The temps data contains the high (TMAX) and low (TMIN) for each day (DATE), recorded at the South Burlington Airport between December 1940 to September 2023. Snow (SNOW) and rain (PRCP) are also included in the data, but won’t be used (neither will be TAVG since it is missing for almost 80% of the days).
You will be creating a graph that shows the year-to-year difference of the maximum temperature across the twelve months of the year.

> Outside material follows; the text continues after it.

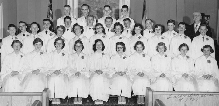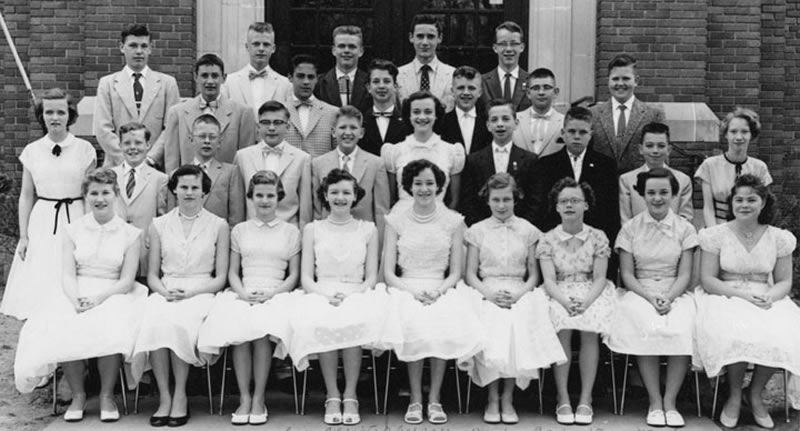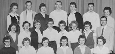 8th Grade Graduation Row 1: Judy Olson, Carol Kearns, Judy Thompson, Jean McClellan, Karen Haddow, Karen Sandvig, Inga Jahr, Judy Zimmer, Judy Olson. Row 2: Judy Dent, Ed Jahr, Win Hansen, Wesley Wentlandt, Terry Wulf, Margie Dahms, Carl Safe, Reese Ofstie, Ross Tapin, Peg Spangler. Row 3: Bernard Hampton, Richard Ducklow, Jim Odahlen, Roger Wolske, Larry Whirry, Bill Klanderman. Row 4: Kent Miller, Lyle Christopherson, Mike Reid, Steve Madson, Larry Olstad. |

Before we create the graph, we need to do a little data cleaning and create two data sets:
Create a data set named temps_month by making the following changes:
Change the column names to lower case
Using the functions in the lubridate
package,
convert the date column from a character column to a
date-type column, then create new columns for:
Remove any days with the daily high temp missing or during 1940
Calculate the average temperature for each month by year combination (Aka the average high temp for January 1945 was …)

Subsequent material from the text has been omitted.